Like all missions, we perform an after action review. This is in the works but one of the items that came up early on was the need to provide additional support during the mission for public affairs. This is not one of the things we often think about when we are called out for a mission but it is a vital function in NIMS. Working with the staff at Maxwell AFB, the region deployed Maj. Brenda Reed, MER/PA, as part of our response. On less than a day’s notice she packed up her bag and headed to SC for as long as she was needed. Getting out the message about what we are doing is a vital role. Many of you saw the television spots on aircrews. There will be an article in the next Volunteer magazine as well. If you have a talent for writing and networking, this may be a specialty you should consider.
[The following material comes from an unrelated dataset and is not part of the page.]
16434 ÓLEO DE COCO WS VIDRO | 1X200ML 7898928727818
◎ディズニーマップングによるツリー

I would be remiss not to recognize the members of the VAWG and MDWG who responded to requests from their own states for imagery missions during the storm. If you want to be involved but are not certain about what specialty to pursue, allow me to suggest one of our newest tracks, AP (aerial photographer). CAP is quickly becoming the "go to" resource for pictures following an event, so if you have a desire and some talent you should go for it.
I just returned from a fantastic weekend at the West Virginia Wing conference in Charleston, WV. Col. McCrosky and his staff held many informative sessions at the state capital. Teri and I were welcomed by the members of the wing and closed out the event with a Dining Out that included a "grog bowl.” Having been to my share of these I was very careful to follow the rules of the mess and I was not sent to the grog by the President of the Mess. However, I understand from Lt. Col. Dodrill, the WVWG/CV, that it was rather salty and chunky. The evening was topped off by congratulating the WVWG Cadet of the Year, C/Lt. Col. Nicole Orr, and the Senior Member of the Year, Maj. Richard Judy. Congratulations to all the "of the year" award winners and the numerous other members who received awards throughout the day.
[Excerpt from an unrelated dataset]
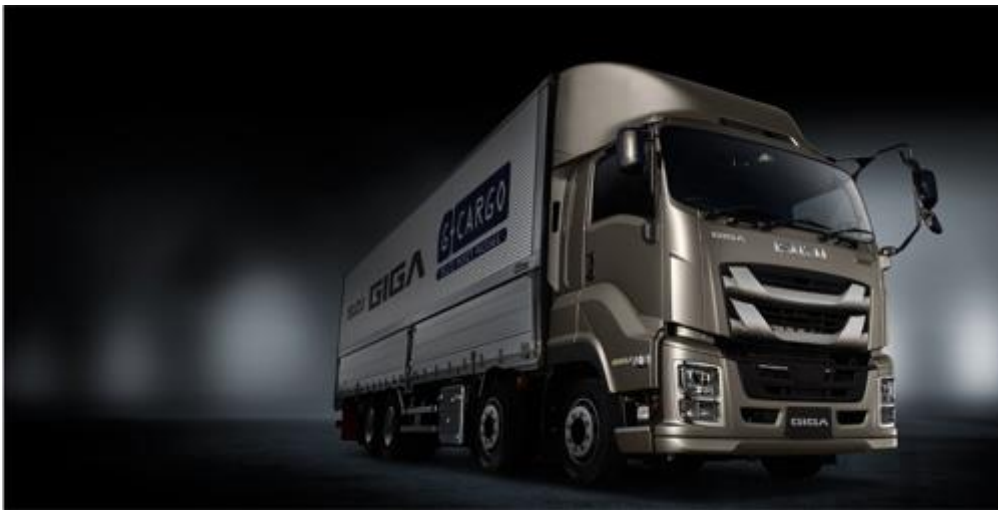
ギガ G カーゴ

いすゞ自動車株式会社(本社：東京都品川区、社長：片山正則、以下「いすゞ」)は、大型トラック「ギガ」、中型トラック「フォワード」、小型トラック「エルフ」のいすゞ自動車創立80周年記念特別仕様車を、あす10月25日より全国一斉に発売します。

Some questions have come up about the recruiting contest for the region. The contest runs from 1 July 2015 to 1 April 2016. There will be a cadet and a senior member winner. Their recruits can be cadet or seniors. The cost of attending the conference will be waived for the winners. The information for this will come from the eServices member recruiting report. If the person that you recruited forgot to put your CAPID on the form, your squadron commander can add this after the fact. As of October 26, the leader is Cadet Caleb Mize (NC-150) with five recruits. Close behind is a three-way tie for the SM category with 4 recruits – Lt. Col. Jay Langley (MER-001); 1st Lt. Shelly Willis (NC-301); and SM Timothy Bagnell (NC-150). Overall the region is showing positive growth (100%+) on both the cadet and senior member category for both short and long term periods. Keep up the good work!
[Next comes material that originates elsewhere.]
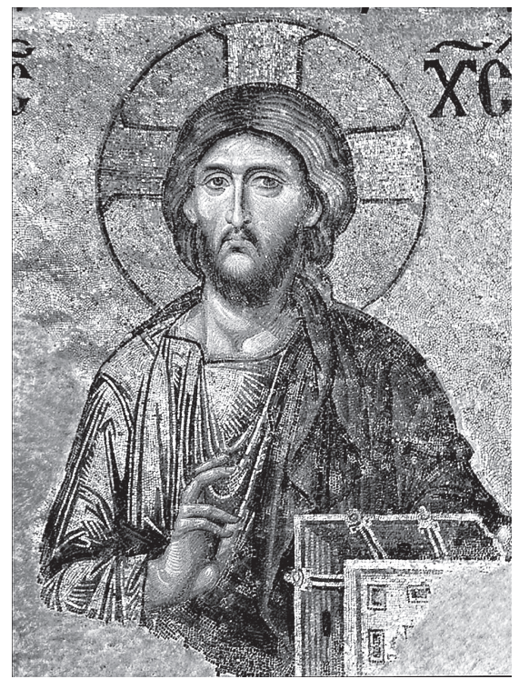
Господь Вседержитель. Мозаика храма св. Софии Константинопольской

- Особенно в последние три года я потерял чувство Бога, не чувствую Христа. Раньше я чувствовал Его. Как Он внезапно явился мне, так внезапно Господь решил бросить меня. Почему? Чтобы научить Его любить, не позволяя мне почувствовать Его присутствие, любить Его с верой, просто верить. Хотя я подвизаюсь, но не чувствую многие вещи, с высохшей душой, которая похожа на пустыню, на Сахару, которая находится здесь, где я живу, на Святой Горе Афон. Я подвизаюсь, но не имею ни одной слезинки, молось и чувствую, что Господь не дает того, что давал мне, но Он Бог, я не могу поставить Бога в свои рамки. Если захочет и когда захочет, Он придет. Спустя время снова вернется этот дар Божий, но я вел ту же борьбу - Господь знает, что чувствует каждый человек.

Let me close by talking about safety. It should be noted that the missions flown in support of the disaster in South Carolina were done without a mishap. If you'll pardon the pun, this does not happen by accident. It happens because of a focus on safety training, ORM, and safe operations. We respond to emergencies and we save lives. We do this with the mindset that we can't become a new mission or a casualty of the ongoing mission. Everyone goes home at the end of the day and it is everyone's job to ensure that this occurs. Thank you for all that you do for our nation.